Net Promoter Score (NPS)
The NPS is a key performance indicator for measuring patient satisfaction at Fresenius Helios in Spain; the value is also collected for the hospitals in Colombia. Fresenius calculates the score from the ratio of positive to negative feedback and recommendations.
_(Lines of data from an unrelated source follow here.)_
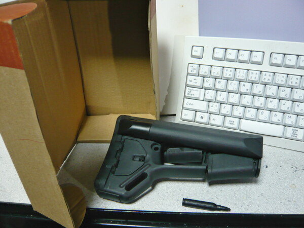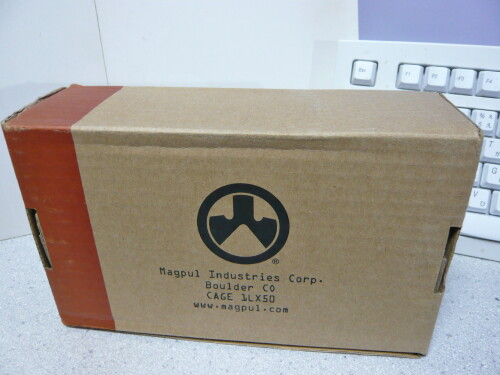 外箱からは何が入っているかわかりません。箱の大きさはMagpul PTSのCTRカービンストックの箱と比べると幅と奥行が同じくらいで高さが一回り大きい。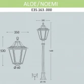 Садово-парковый фонарь FUMAGALLI серии NOEMI, модель ALOE/NOEMI. Садовый фонарь с 1 венчающим светильником большого размера в на классическом садовом столбике ALOE высотой 1,1 м (+высота фонаря). Предназначен для освещения парковых дорожек, cкверов, садовых и ландшафтных композиций, и других общественных пространств. Изготовлены в Италии, по уникальным технологиям "FUMATECH" из современного композитного полимера RESIN. Этот материал в 5 раз прочнее металла, не ржавеет, не окисляется, не выгорает на солнце, его не нужно красить. Все светильники пыле-влаго защищены по стандарту IP55 (Пылезащищенные, защита от водяных струй с любого направления). Рассеиватель выполнен из антивандального, не мутнеющего и не горючего PMMA (ПолиМетилМетаАкрилат). Срок службы светильника - не менее 20 лет. Температура использования от -60 до +90. В серии NOEMI есть садовые фонари в настенном (OFIR/NOEMI, MIRRA/NOEMI) подвесном (SICHEM/NOEMI) и наземном исполнении (IAFAET.R/NOEMI, ALOE.R/NOEMI, ARTU/NOEMI, GIGI/NOEMI, RICU/NOEMI, NEBO/OFIR/NOEMI 1L, NEBO/OFIR/ANNA 2L, TABOR/ADAM/NOEMI 3L) со столбами разной высоты, с разным количеством и конфигурацией голов. Консоли настенных фонарей и кронштейны светильников на столбах освещения могут устанавливаться в положение вверх и вниз. Столбы выше 150 см имеют в основе мощную стальную трубу с двойной оцинковкой. При заказе требуется выбрать цвет корпуса, цвет плафона и тип патрона (Е-27 или LED GX-53). Возможен светодиодный вариант. По стилю и дизайну серия уличных светильников NOEMI похожа на светильники среднего размера серии RUT и на светильники малого размера серии ANNA. По размеру относится к большим парковым светильникам как серия SIMON и GLOBE 400.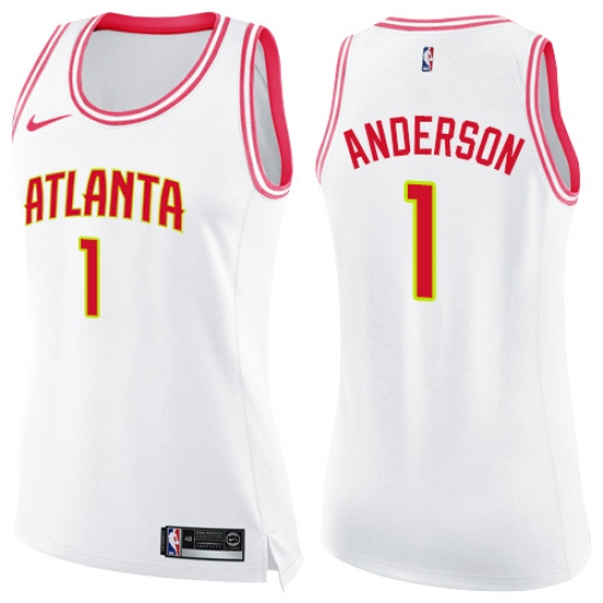 >Women's Nike Atlanta Hawks #1 Justin Anderson Swingman White Pink Fashion NBA Jersey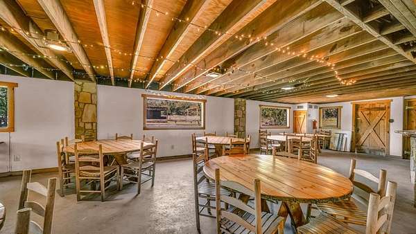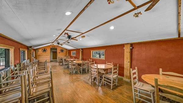 This versatile property has long served Parker County as a popular event center, conference center and wedding venue. It includes three primary buildings, a historic log cabin, and beautifully wooded acreage with several trails and garden areas.

At the end of 2025, the growth of the NPS Spain compared to the previous year was around 4%, driven primarily by growth in medical consultations and laboratory testing results.
|
|
2025 |
|
2024 |
|---|---|---|---|---|
NPS Spain |
|
67.8 |
|
65.4 |
Total reports |
|
1,606,034 |
|
1,451,695 |
NPS Colombia |
|
80.2 |
|
81.5 |
Total reports |
|
66,509 |
|
89,542 |
Patient-relevant reports: avoidable incidents
Fresenius records patient safety indicators in the hospitals in Germany and Spain. These include certain harmful events that must be reported to health authorities in other countries. There, these events are also referred to as Never Events, Adverse Events, Sentinel Events, or Serious Reportable Events. Those can be performing surgery on the wrong side or the wrong patient, or unintended retention of a foreign body in a patient after surgery, for example.
Not all of these indicators are preventable (adverse) events. To enable better comparability between countries, Fresenius reports on avoidable serious adverse events. In 2025, a total of 48 (2024: 43) avoidable serious adverse incidents were reported, which have a negative impact on the company’s goal to avoid them.
Quality KPIs based on IQM are further evaluated within this initiative through independent experts.